**Assignment:**
Retype, word for word, every line of the records below starting at the one that contains "PAG & MAG OL" and ending at the one that contains "a secure string."; include both of those lines and nothing more.

**Information shown:**
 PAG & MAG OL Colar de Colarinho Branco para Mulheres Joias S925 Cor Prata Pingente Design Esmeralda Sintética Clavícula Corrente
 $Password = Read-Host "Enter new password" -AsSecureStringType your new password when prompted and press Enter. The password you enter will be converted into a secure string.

==

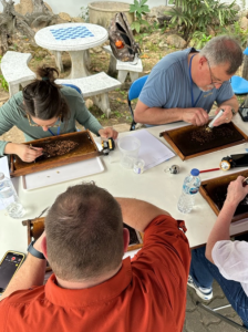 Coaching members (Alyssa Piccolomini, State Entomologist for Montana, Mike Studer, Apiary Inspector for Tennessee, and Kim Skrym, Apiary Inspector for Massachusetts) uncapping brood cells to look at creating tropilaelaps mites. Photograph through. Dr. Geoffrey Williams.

**Reply to the exercise:**
 PAG & MAG OL Colar de Colarinho Branco para Mulheres Joias S925 Cor Prata Pingente Design Esmeralda Sintética Clavícula Corrente
 $Password = Read-Host "Enter new password" -AsSecureStringType your new password when prompted and press Enter. The password you enter will be converted into a secure string.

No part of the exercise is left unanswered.